→ WHAT THE EXERCISE ASKS: Reproduce exactly the lines of this material that begin at the line with "嘉年华活动包括实验室安全闯关" and end at the line with "This work depicts", both included. Omit the pictures and everything else.

→ RECORDED INFORMATION:
========
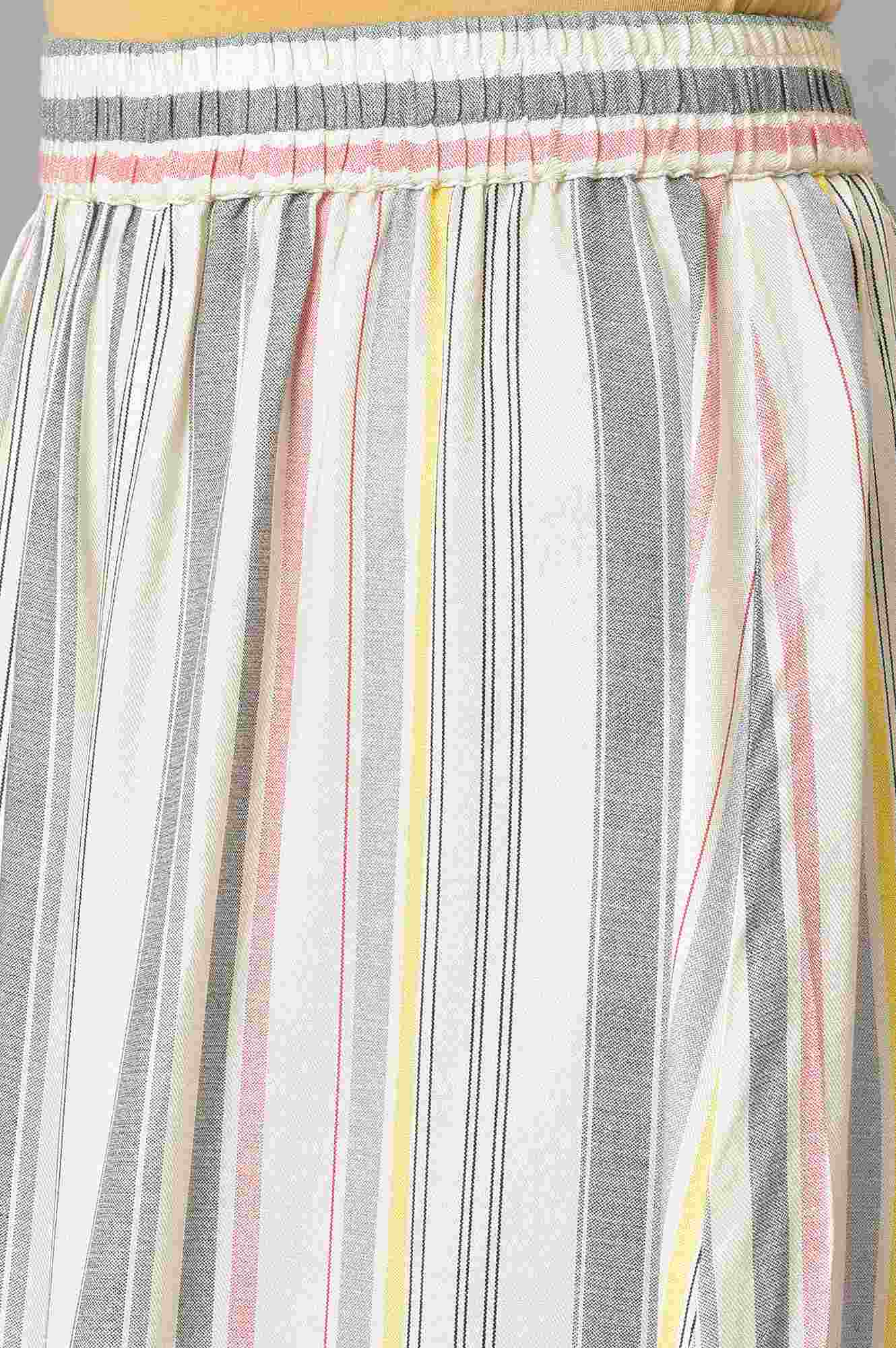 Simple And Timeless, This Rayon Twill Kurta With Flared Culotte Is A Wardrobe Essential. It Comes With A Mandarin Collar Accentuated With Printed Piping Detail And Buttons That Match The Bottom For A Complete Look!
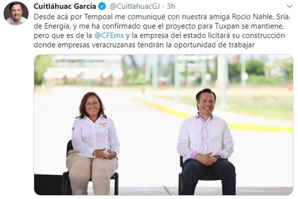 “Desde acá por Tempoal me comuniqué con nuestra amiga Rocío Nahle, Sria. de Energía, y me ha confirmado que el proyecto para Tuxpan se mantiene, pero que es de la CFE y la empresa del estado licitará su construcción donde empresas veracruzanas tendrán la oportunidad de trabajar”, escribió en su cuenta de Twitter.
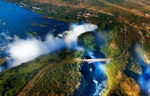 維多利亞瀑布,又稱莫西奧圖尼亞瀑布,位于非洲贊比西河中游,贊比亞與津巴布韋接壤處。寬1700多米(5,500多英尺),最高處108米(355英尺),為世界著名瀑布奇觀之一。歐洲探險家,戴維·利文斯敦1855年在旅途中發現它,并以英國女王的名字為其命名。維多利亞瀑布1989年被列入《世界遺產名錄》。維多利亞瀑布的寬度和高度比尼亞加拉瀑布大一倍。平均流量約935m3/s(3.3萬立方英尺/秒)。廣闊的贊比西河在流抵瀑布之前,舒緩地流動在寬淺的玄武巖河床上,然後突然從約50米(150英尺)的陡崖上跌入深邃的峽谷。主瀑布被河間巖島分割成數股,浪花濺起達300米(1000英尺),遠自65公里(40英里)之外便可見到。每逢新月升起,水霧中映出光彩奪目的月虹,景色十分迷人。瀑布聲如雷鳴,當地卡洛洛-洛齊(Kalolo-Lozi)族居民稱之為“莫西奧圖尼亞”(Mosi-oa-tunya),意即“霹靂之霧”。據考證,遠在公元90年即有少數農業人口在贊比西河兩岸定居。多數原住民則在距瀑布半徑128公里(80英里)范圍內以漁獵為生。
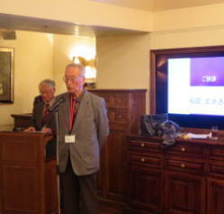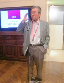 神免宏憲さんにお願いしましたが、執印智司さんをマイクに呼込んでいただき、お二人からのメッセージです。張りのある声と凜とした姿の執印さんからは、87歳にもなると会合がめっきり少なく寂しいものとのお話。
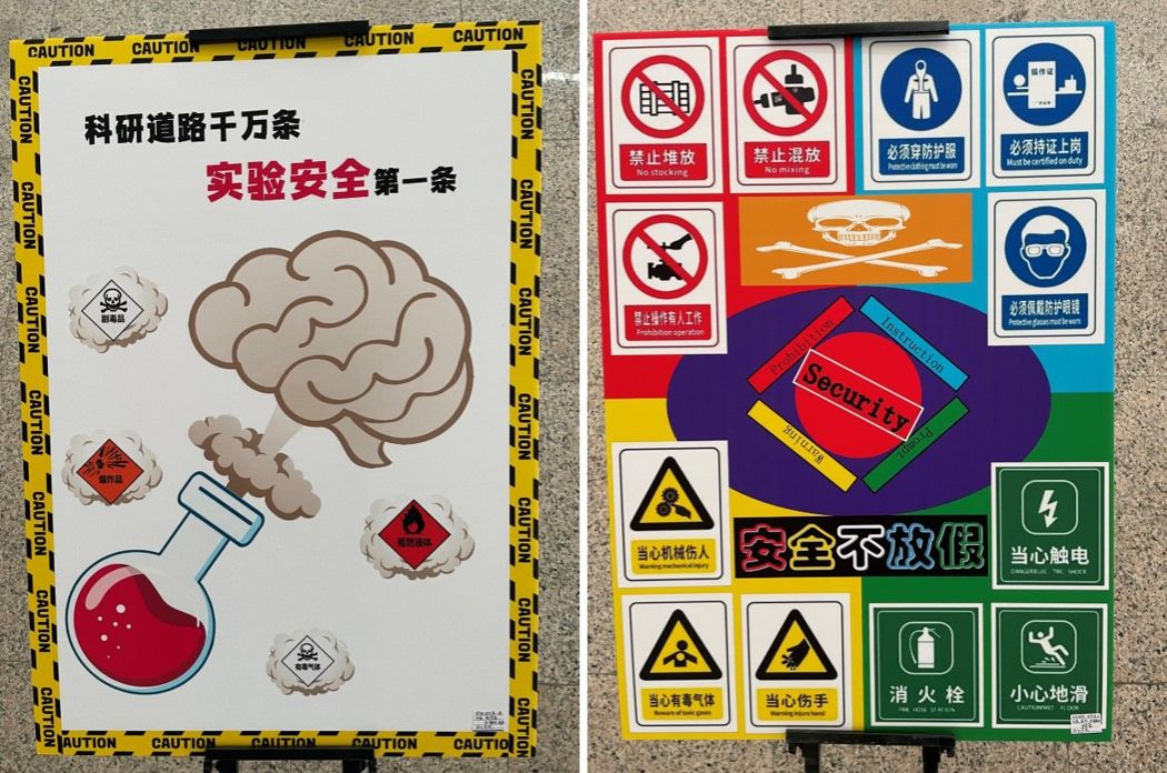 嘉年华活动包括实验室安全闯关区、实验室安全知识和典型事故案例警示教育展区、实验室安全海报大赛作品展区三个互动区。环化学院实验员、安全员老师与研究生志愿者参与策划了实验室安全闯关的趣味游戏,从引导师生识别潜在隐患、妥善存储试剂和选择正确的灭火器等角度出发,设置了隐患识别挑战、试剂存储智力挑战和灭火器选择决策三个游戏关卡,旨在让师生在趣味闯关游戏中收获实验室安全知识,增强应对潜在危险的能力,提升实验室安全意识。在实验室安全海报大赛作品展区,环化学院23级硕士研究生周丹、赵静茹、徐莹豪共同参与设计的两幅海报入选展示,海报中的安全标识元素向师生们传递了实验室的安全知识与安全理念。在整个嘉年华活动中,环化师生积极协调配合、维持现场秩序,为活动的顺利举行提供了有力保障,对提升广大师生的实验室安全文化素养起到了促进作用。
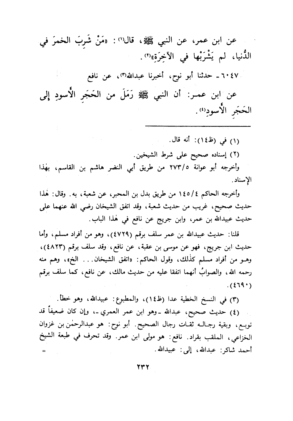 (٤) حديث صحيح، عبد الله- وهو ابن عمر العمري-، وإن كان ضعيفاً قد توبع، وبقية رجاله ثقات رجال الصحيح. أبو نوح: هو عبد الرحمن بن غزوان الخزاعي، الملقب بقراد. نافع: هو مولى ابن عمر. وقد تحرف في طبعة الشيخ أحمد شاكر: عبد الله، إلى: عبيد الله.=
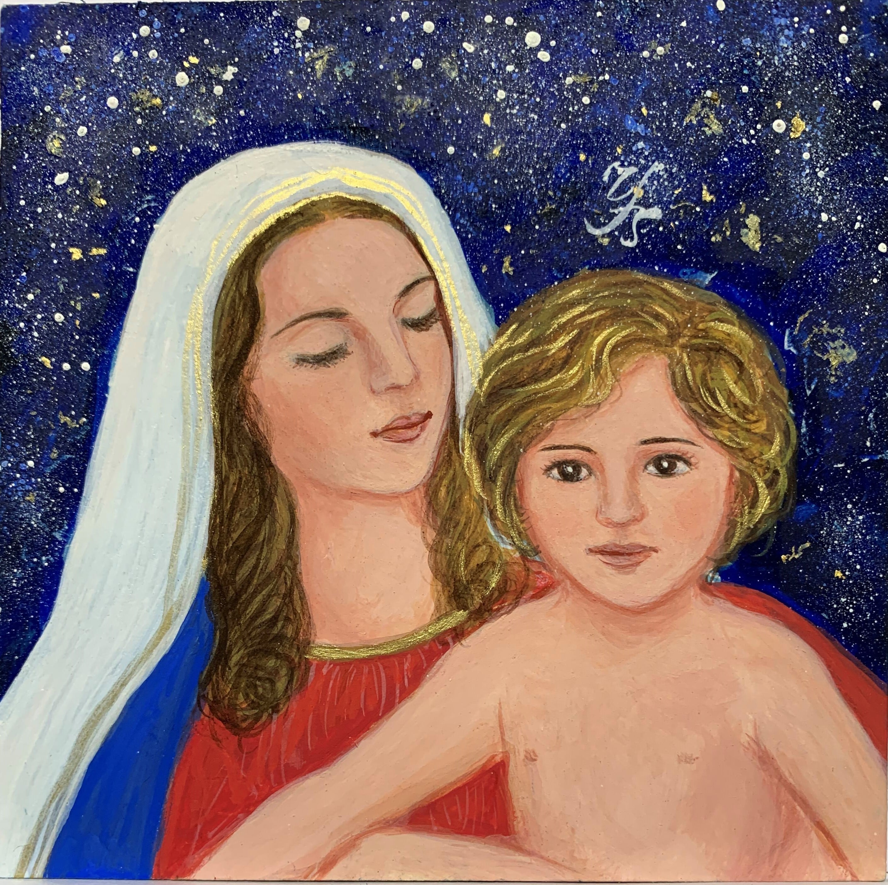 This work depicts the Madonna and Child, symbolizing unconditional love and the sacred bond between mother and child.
========
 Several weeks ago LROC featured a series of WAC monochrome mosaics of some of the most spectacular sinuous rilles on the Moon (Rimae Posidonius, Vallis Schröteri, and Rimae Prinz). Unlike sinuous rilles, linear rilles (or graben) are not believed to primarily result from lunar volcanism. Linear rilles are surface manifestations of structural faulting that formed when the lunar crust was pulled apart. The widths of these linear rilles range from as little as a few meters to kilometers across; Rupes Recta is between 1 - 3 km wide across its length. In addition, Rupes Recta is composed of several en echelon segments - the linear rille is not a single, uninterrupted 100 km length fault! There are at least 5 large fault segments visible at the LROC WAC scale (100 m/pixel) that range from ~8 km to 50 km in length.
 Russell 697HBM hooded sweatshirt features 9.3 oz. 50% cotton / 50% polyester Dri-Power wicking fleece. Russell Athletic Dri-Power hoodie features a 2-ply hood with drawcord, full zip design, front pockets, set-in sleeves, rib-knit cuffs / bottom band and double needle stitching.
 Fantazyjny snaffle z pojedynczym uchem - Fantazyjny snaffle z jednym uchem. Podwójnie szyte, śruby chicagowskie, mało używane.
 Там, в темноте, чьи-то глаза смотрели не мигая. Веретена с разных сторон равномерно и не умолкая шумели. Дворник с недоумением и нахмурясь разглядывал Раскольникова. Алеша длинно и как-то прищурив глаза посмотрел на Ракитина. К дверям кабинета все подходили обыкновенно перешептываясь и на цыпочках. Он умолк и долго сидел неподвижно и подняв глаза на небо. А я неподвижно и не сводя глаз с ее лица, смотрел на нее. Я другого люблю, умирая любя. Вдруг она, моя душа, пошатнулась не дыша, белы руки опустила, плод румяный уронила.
========
→ ANSWER SECTION:
 嘉年华活动包括实验室安全闯关区、实验室安全知识和典型事故案例警示教育展区、实验室安全海报大赛作品展区三个互动区。环化学院实验员、安全员老师与研究生志愿者参与策划了实验室安全闯关的趣味游戏,从引导师生识别潜在隐患、妥善存储试剂和选择正确的灭火器等角度出发,设置了隐患识别挑战、试剂存储智力挑战和灭火器选择决策三个游戏关卡,旨在让师生在趣味闯关游戏中收获实验室安全知识,增强应对潜在危险的能力,提升实验室安全意识。在实验室安全海报大赛作品展区,环化学院23级硕士研究生周丹、赵静茹、徐莹豪共同参与设计的两幅海报入选展示,海报中的安全标识元素向师生们传递了实验室的安全知识与安全理念。在整个嘉年华活动中,环化师生积极协调配合、维持现场秩序,为活动的顺利举行提供了有力保障,对提升广大师生的实验室安全文化素养起到了促进作用。
 (٤) حديث صحيح، عبد الله- وهو ابن عمر العمري-، وإن كان ضعيفاً قد توبع، وبقية رجاله ثقات رجال الصحيح. أبو نوح: هو عبد الرحمن بن غزوان الخزاعي، الملقب بقراد. نافع: هو مولى ابن عمر. وقد تحرف في طبعة الشيخ أحمد شاكر: عبد الله، إلى: عبيد الله.=
 This work depicts the Madonna and Child, symbolizing unconditional love and the sacred bond between mother and child.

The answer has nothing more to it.